In May 2020, a previous AFP Community Blog post described an emerging COVID-19 associated, Kawasaki disease-like syndrome that became known as multisystem inflammatory syndrome in children (MIS-C). (The Centers for Disease Control and Prevention later identified a similar inflammatory syndrome in adults, MIS-A.) Over the past year, as family physicians, pediatricians, and children's hospitals have gained experience with treating patients with MIS-C, we now know more about differentiating it from Kawasaki disease and managing its major complications. A review article by Drs. John Darby and Jennifer Jackson in the September issue of AFP provided an overview and comparison of Kawasaki disease and MIS-C. Although Kawasaki disease primarily occurs in toddlers, MIS-C has been observed in patients from one week to 20 years of age, with a median age of 7 to 9 years. In the U.S., Hispanic and non-Hispanic Black children have been disproportionately affected by MIS-C, comprising 62% of all cases. Vomiting, diarrhea, and abdominal pain occur in 80% of patients, while neurocognitive symptoms affect about 20%. Additional symptoms of MIS-C can include hypotension secondary to cardiac dysfunction and systemic vasodilation.

Two observational studies of patients with MIS-C published in June 2021 added to the knowledge base but did not definitively identify the most appropriate treatment. A propensity-score matched analysis of 518 patients admitted to U.S. hospitals for MIS-C between March 15 and October 31, 2020 found that initial treatment with intravenous immune globulin (IVIG) plus glucocorticoids, compared to IVIG alone, was associated with a reduced risk of new or persistent cardiovascular dysfunction (a composite outcome of left ventricular dysfunction or shock resulting in the use of vasopressors) on or after day 2 of admission. In contrast, an international cohort study of 614 children with suspected MIS-C from 32 countries treated from June 2020 through February 2021 found no differences in a composite outcome of inotropic support or mechanical ventilation by day 2 or later between children who received IVIG alone, IVIG plus glucocorticoids, or glucocorticoids alone.
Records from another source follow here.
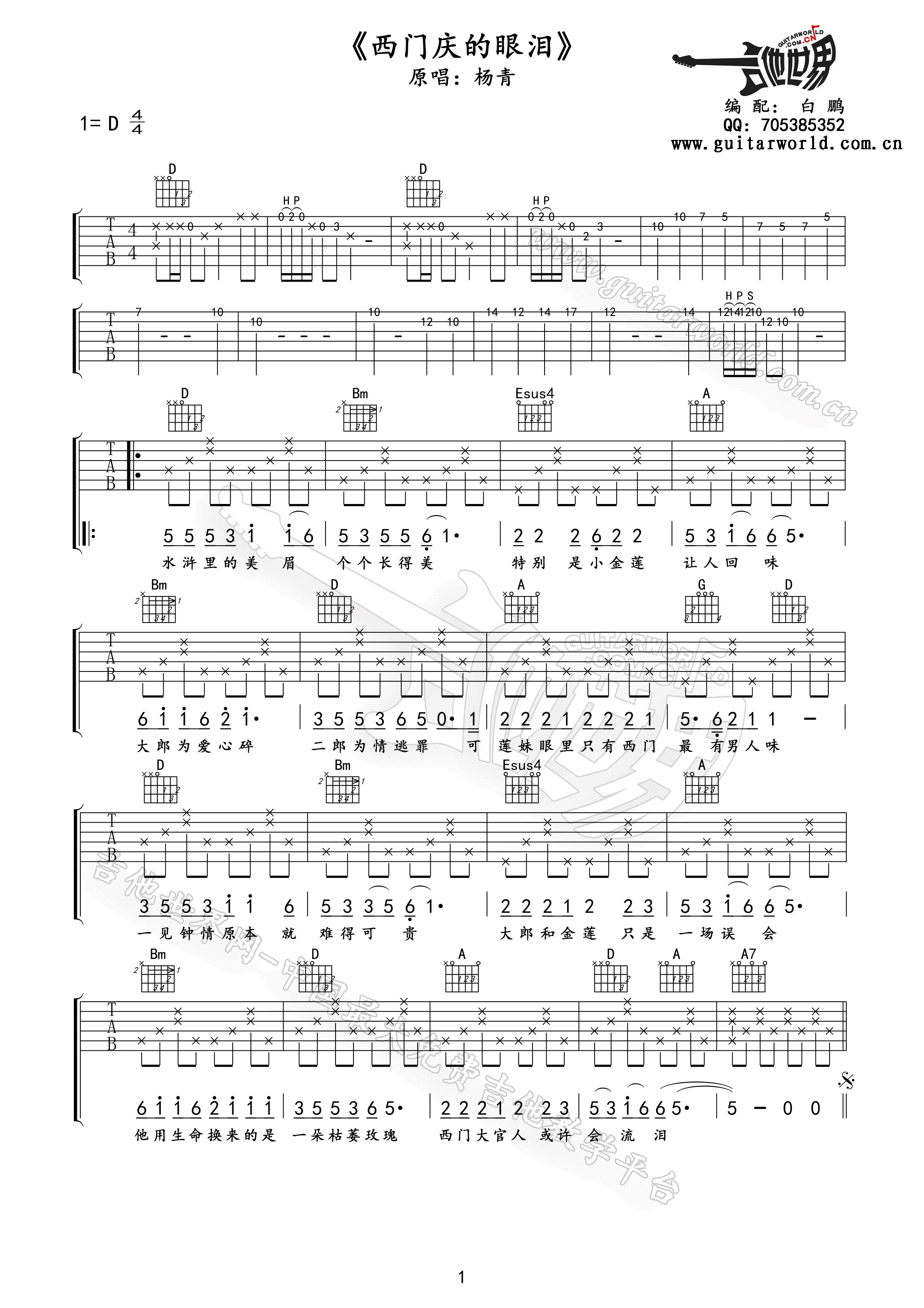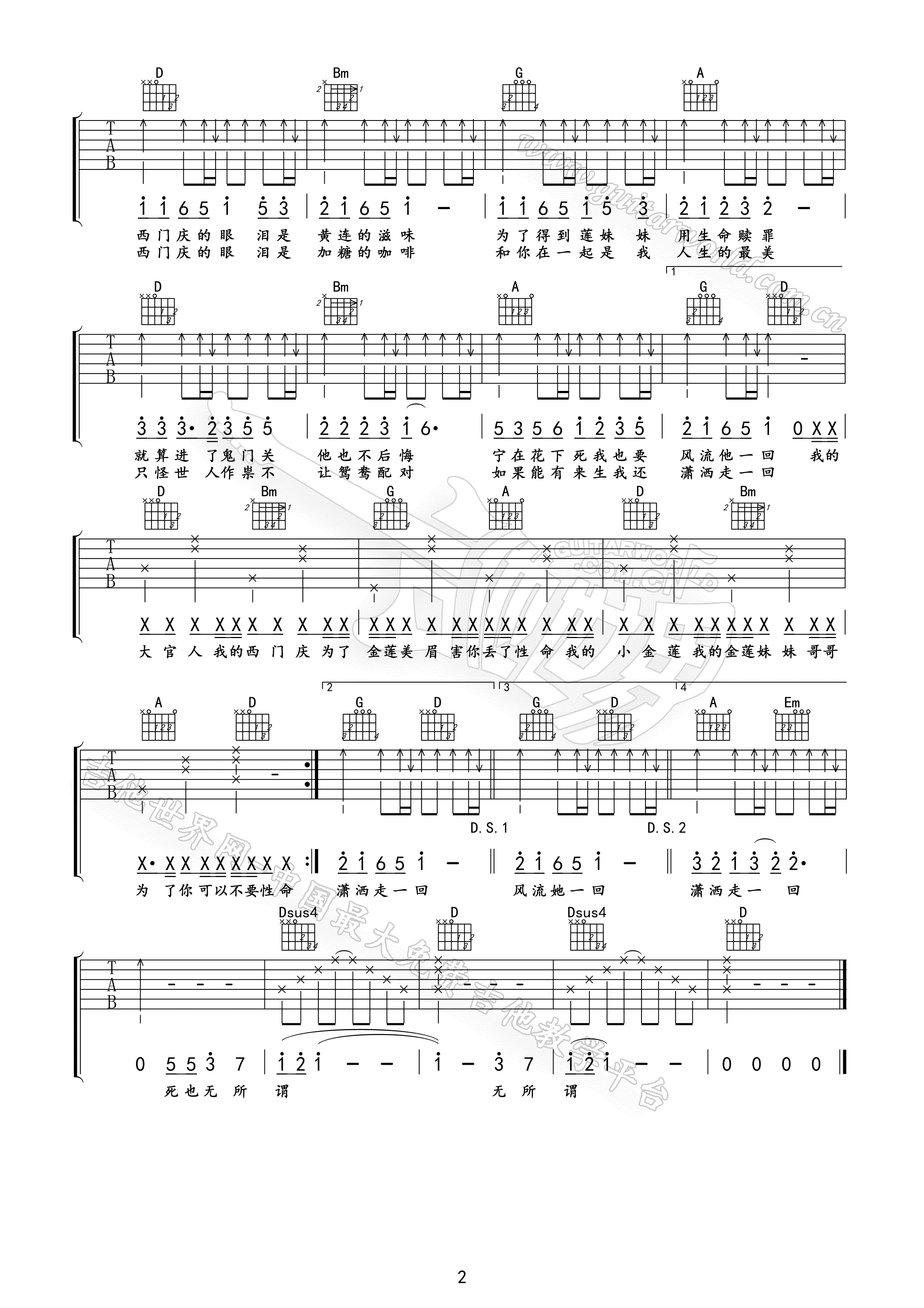西门庆的眼泪吉他谱 - 杨青 - D调吉他弹唱谱
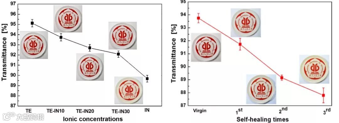 制备的双交联有机硅弹性体具有优异的透明度。随着离子网络含量的增加,可见光透光率仍可达90%以上,多次高温热修复及回收后,可见光透光率仍可高达85%以上(图7)。弹性体具有优异的抗水解性能,即使80 ℃热水处理48h,弹性体的力学性能、E'和Tg均无明显降低,此外,经80 ℃热水处理48h,弹性体试样仍具有高达90 %以上的修复效率(图7)。
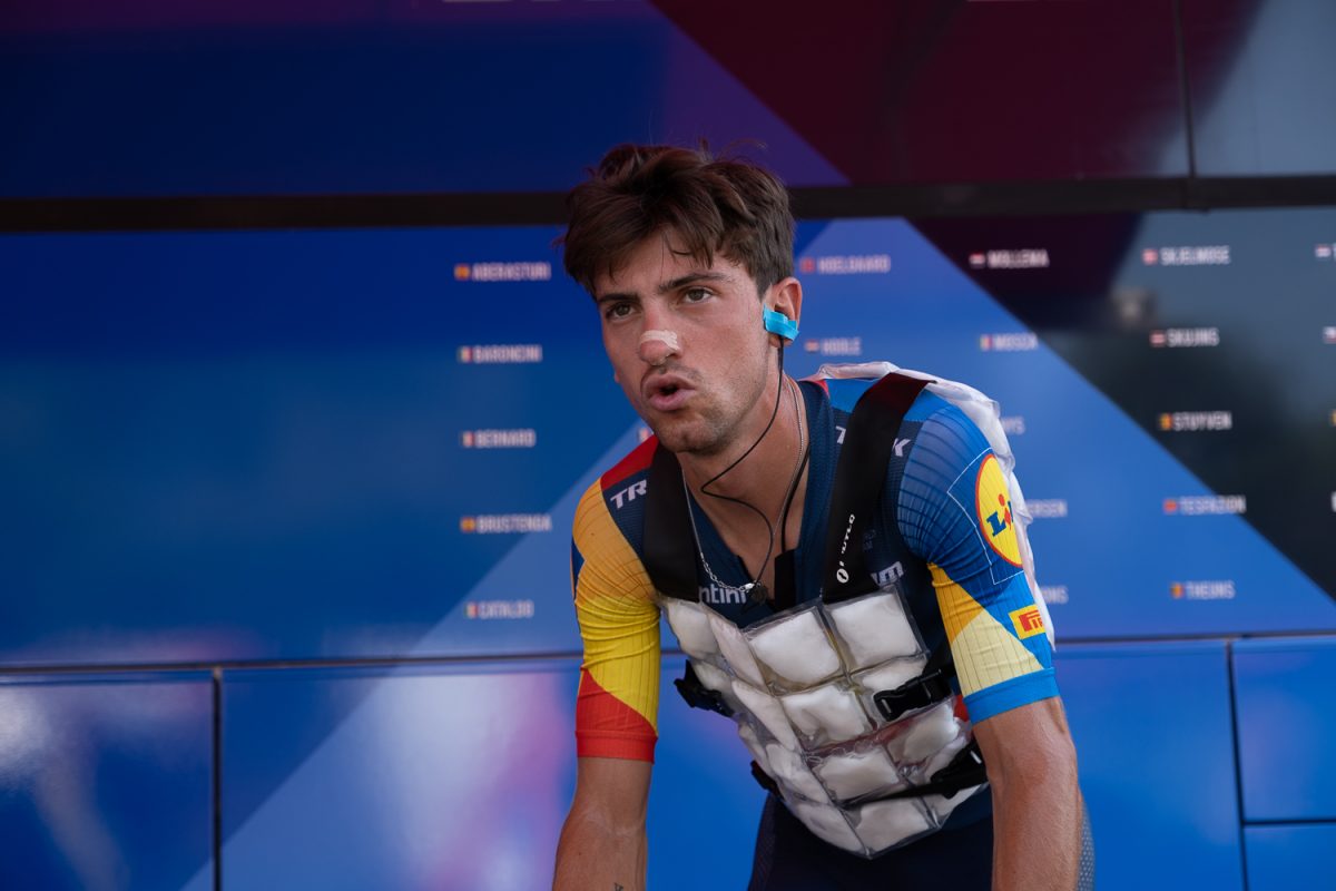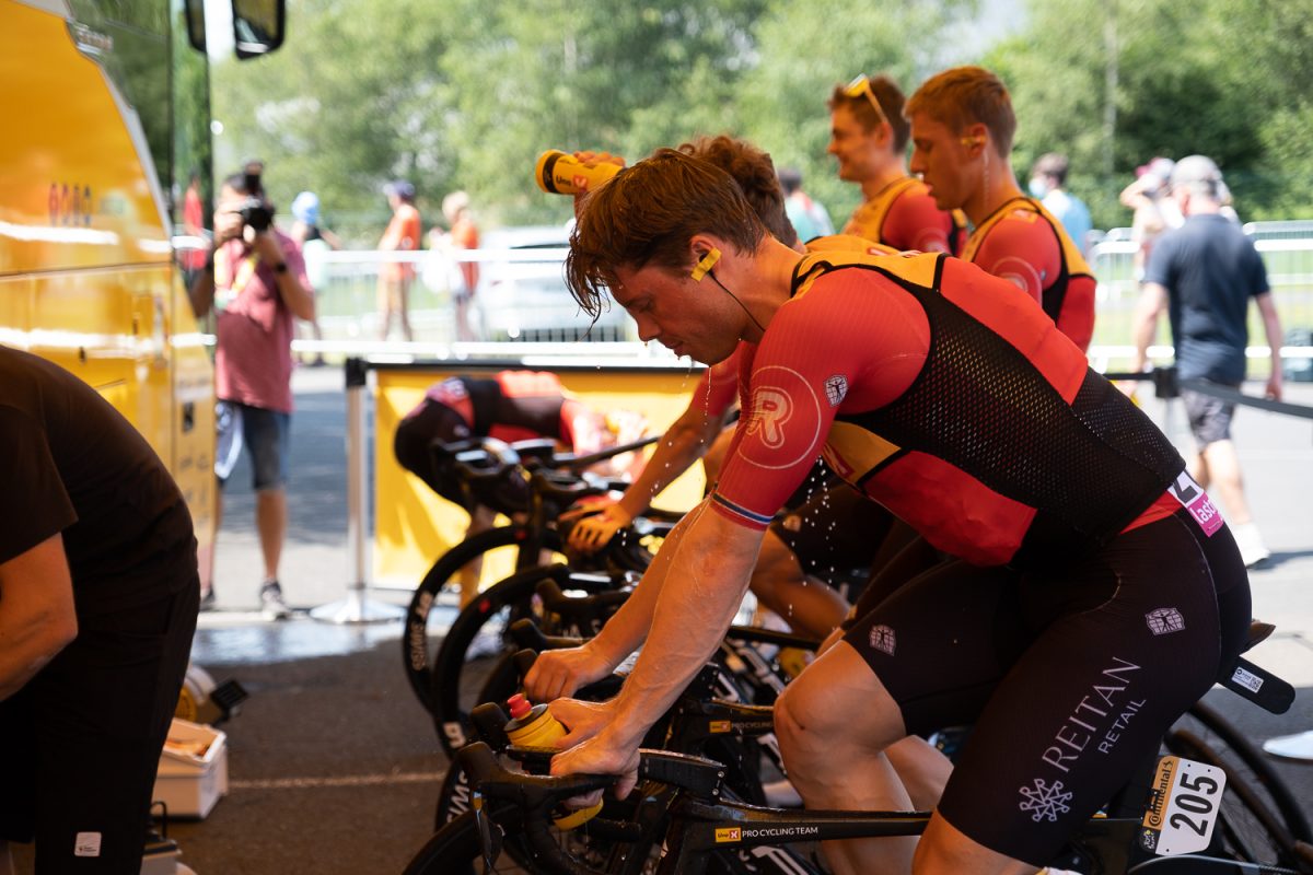 スタートから冷却が追いつかなかったダヴィド・ゴデュ(グルパマ・エフデジ、フランス)もその一人で、程なく失速。結局メイン集団には戻っていますが、約60km苦しみました。ゴデュ、そしてティボー・ピノ(フランス)を抱えるグルパマ・エフデジは休息日時点では継続的に「総合上位狙い」を優先して戦うと発言していました。(ゴデュ個人総合8位+6:01、ピノ個人総合15位 +9:36:第9ステージ終了時点)
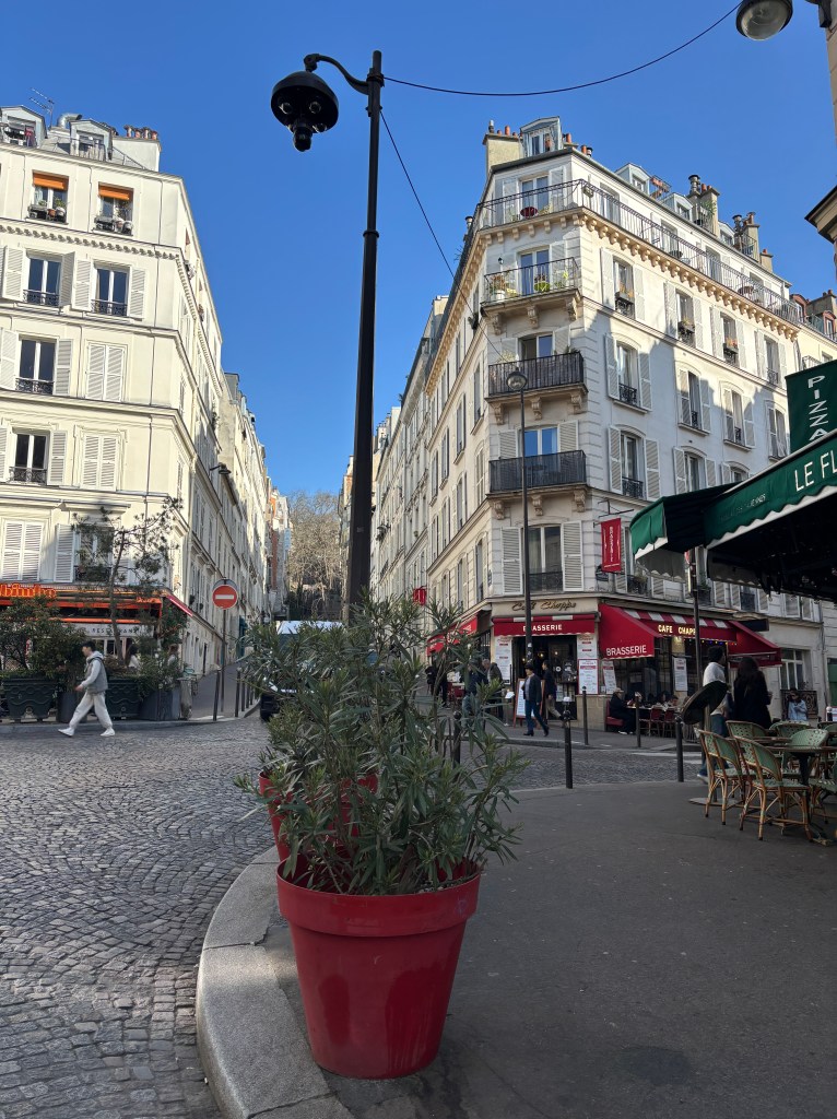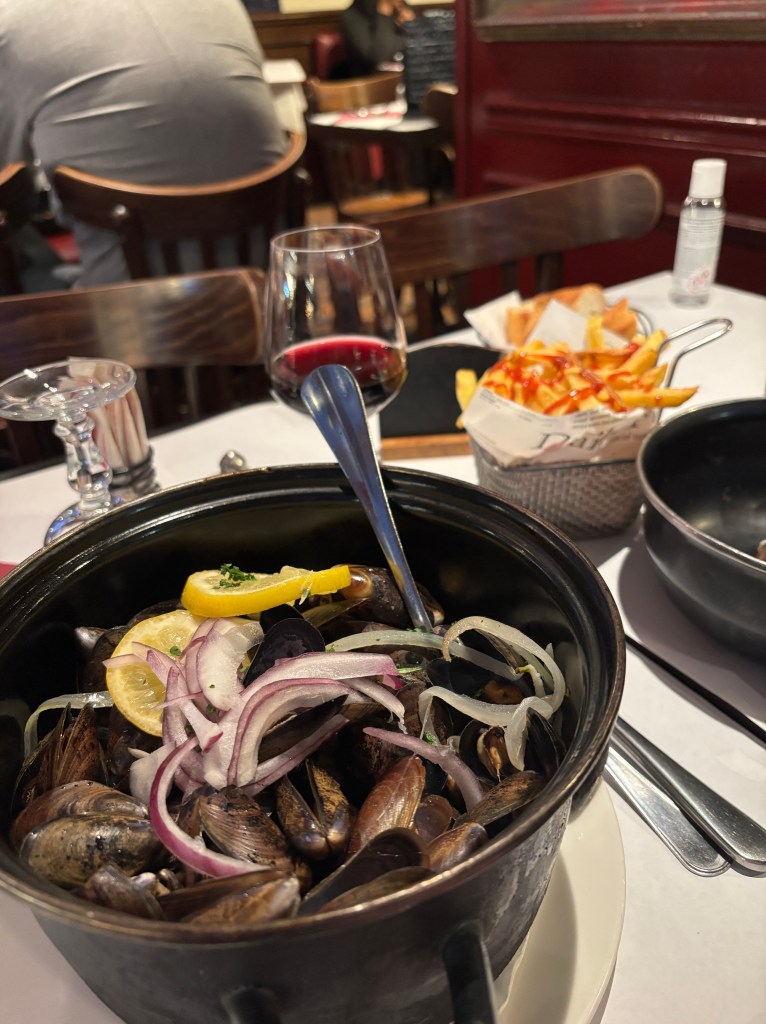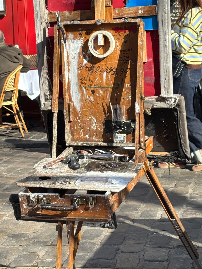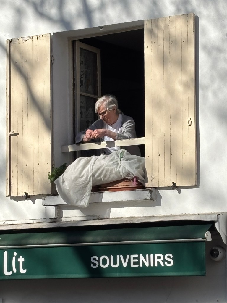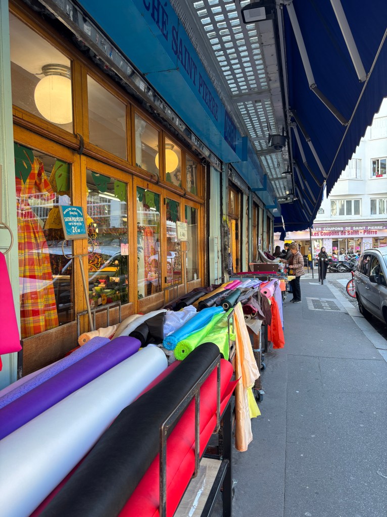Since I had taken a historical walking tour of Montmartre the last time I was in Paris, I spent my second day wandering around the Sacre de Coeur, taking the funicular to the top of the hill instead of climbing those stairs!, strolling through the Place du Tertre (where the artists hang out and paint all day), sitting at a sidewalk cafe and people- watching for a few hours, finding the fabric district (whoopee!), and ending my day with a dinner of steamed mouels and frites, a favorite.
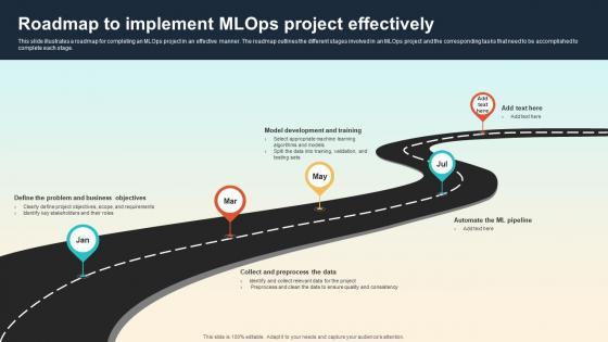 This slide illustrates a roadmap for completing an MLOps project in an effective manner. The roadmap outlines the different stages involved in an MLOps project and the corresponding tasks that need to be accomplished to complete each stage. If your project calls for a presentation, then Slidegeeks is your go-to partner because we have professionally designed, easy-to-edit templates that are perfect for any presentation. After downloading, you can easily edit Roadmap To Implement MLOPs Project Effectively Introduction To MLOPs IT and make the changes accordingly. You can rearrange slides or fill them with different images. Check out all the handy templates This slide illustrates a roadmap for completing an MLOps project in an effective manner. The roadmap outlines the different stages involved in an MLOps project and the corresponding tasks that need to be accomplished to complete each stage.
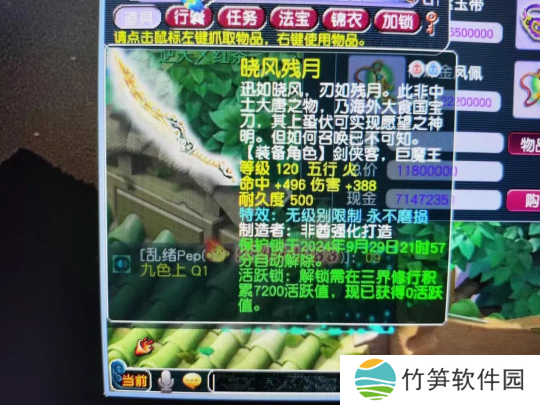 有玩家发来投稿,说他在8月鉴定了一把120级刀,属性伤害+388,命中+496,特效是无级别限制+永不磨损,这运气太好了!
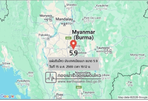 15 ม.ค. 69 เมื่อเวลา 19.12 น. กองเฝ้าระวังแผ่นดินไหว กรมอุตุนิยมวิทยา รายงาน เกิดเหตุแผ่นดินไหวบนบก ขนาด 5.9 ความลึก 10 กม. บริเวณประเทศเมียนมา ทางทิศตะวันตกเฉียงเหนือของ อ.เมือง จ.แม่ฮ่องสอน ประมาณ 259 กม. หากมีข้อมูลเพิ่มเติม ปภ. จะแจ้งให้ทราบต่อไป
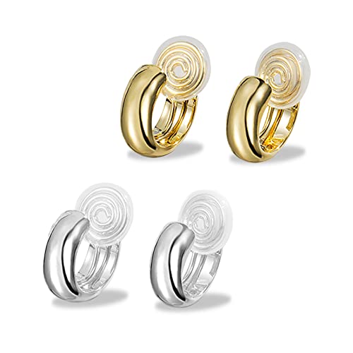 EQLEF Clip On Hoop Earring, 2 Pair Earrings Hoops Fake Earring for Girls and Women No pierced Earring Hoop Silver and Gold
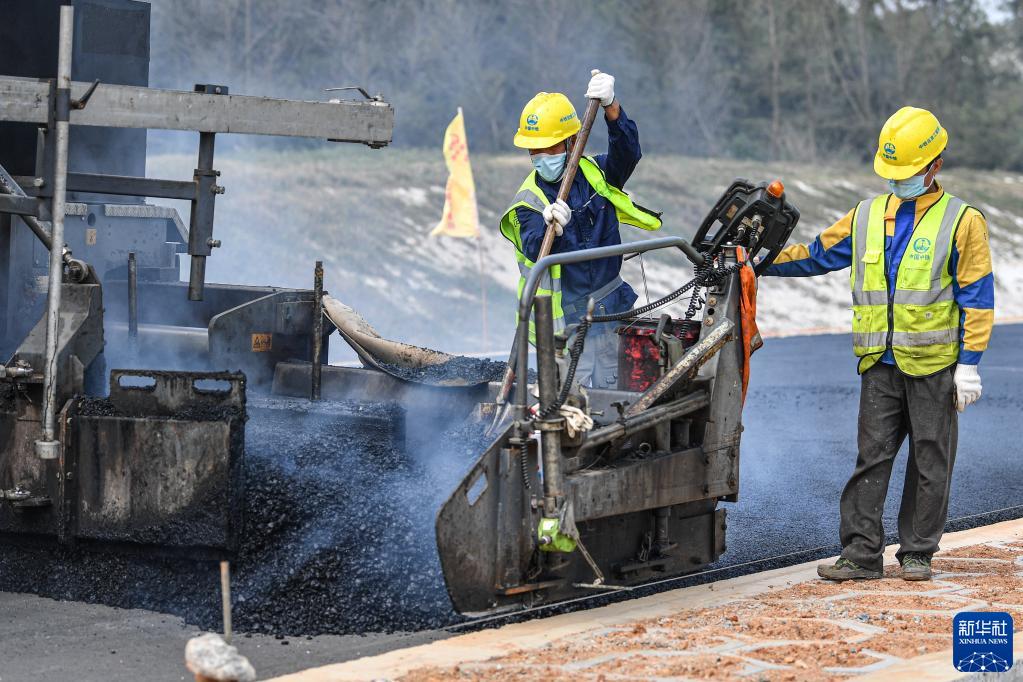 12月30日,工人在海南環(huán)島旅游公路文昌木蘭灣段進(jìn)行瀝青攤鋪施工。
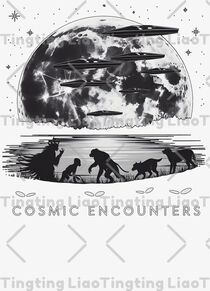 Moon,UFO,Mysterious Creature Silhouette,Classic Style,Retro Style,Animal Theme,Classic Pattern,Black And White Color,Sci-fi Elements,Cosmic Atmosphere
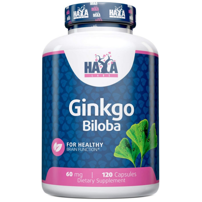 Haya Labs Ginkgo Biloba 60 mg – це харчова добавка з екстрактом гінкго дволопатевого, яка діє як справжній бустер перед тренуванням. Активна речовина у формулі покращує пам'ять та концентрацію, стимулює кровообіг та підвищує фізичну витривалість.

A longitudinal cohort study of 50 patients admitted to a single U.S. medical center between April and June 2020 reported outcomes of MIS-C at 6 months. 31 patients required intensive care, and 33 developed left ventricular dysfunction, coronary dilation, or aneurysms. The mean length of stay was 5 days. After two weeks, only 9 patients had persistent ventricular dysfunction or other coronary abnormalities, though nearly half reported fatigue with ordinary activities. All 25 patients who presented for a 6-month follow-up visit were asymptomatic, with a single patient having left ventricular diastolic dysfunction. Although the rapid resolution of symptoms and cardiac abnormalities seen in this study is good news, it is unclear if these outcomes will persist given the much greater number of children with COVID-19 infections who were hospitalized during the summer of 2021. The best approach to preventing MIS-C remains reducing the risk of SARS-CoV-2 infection through vaccinating adolescents and - pending regulatory approval in the next few weeks - younger children.